The reviewers identified 12 RCTs with a total enrollment of 933 adult participants with data published between 2010 and 2017. Participants had a diagnosis of MS based on the diagnostic criteria of Schumacher, Poser, or McDonald, and all subgroups of MS were included.

A total of 464 participants were randomized to the vitamin D group, and a total of 469 participants to the comparison group consisting of placebo, low doses of vitamin D, or routine care. Eleven trials tested vitamin D3, and one trial tested vitamin D2.

The primary clinical outcome measures of vitamin D supplementation were annualized relapse rates (ARR), changes in Expanded Disability Status Scale (EDSS) scores, and mean changes in MRI parameters of disease activity, including new lesions on T2-weighted images, pre-existing lesions enlarged on T2-weighted images, or gadolinium-enhancing lesions in T1-weighted images.

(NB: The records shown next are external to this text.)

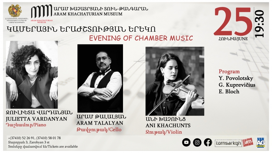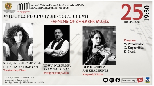 Հունիսի 25-ին՝ ժամը 19:30-ին սիրով հրավիրում ենք Արամ Խաչատրյանի տուն-թանգարանի հյուրընկալ համերգասրահ՝ ունկնդրելու կամերային երաժշտություն: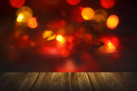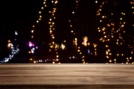 Christmas empty rustic wooden desk table over christmas blurred light bokeh. Happy New Year
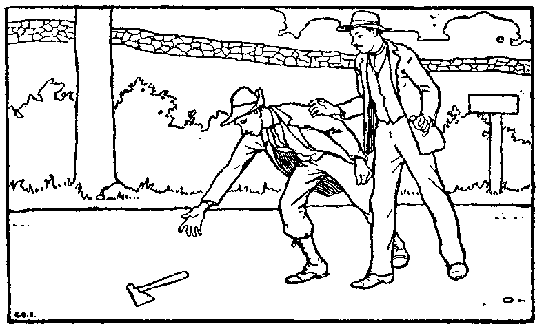 [The TWO TRAVELLERS journey along the road. A hatchet lies in the dust at one side.]1

Five RCTs with 418 participants assessed ARR over the 52 weeks from randomization. The results showed that vitamin D supplements had no clear effect on reducing ARR in participants with MS who were receiving disease-modifying drugs such as glatiramer and natalizumab, said Dr. Jagannath.

Five RCTs with 221 participants assessed disease progression using changes in the EDSS scores. The data over 52 weeks from randomization showed that vitamin D supplements were ineffective in preventing worsening of disability. “The reviewers graded their confidence in the quality of the ARR and EDSS results as very low due to risks of bias and imprecision,” said Dr. Jagannath.



Only four studies with 336 participants provided information on the effects of vitamin D on MRI gadolinium-enhancing T1 lesions for 26 weeks or 52 weeks. The results showed no effect on the reduction of the lesions compared with placebo at both time intervals. The confidence level again was very low due to selection bias and imprecision, said Dr. Jagannath.

The reviewers also reported that the effects of vitamin D were uncertain on health-related quality of life and fatigue.

None of the 12 studies reported data on two primary outcomes: numbers of participants experiencing changes in EDSS score and time to first treated relapse. Although eight studies with 621 participants reported a lack of serious adverse events, the reviewers graded the quality of evidence as low certainty.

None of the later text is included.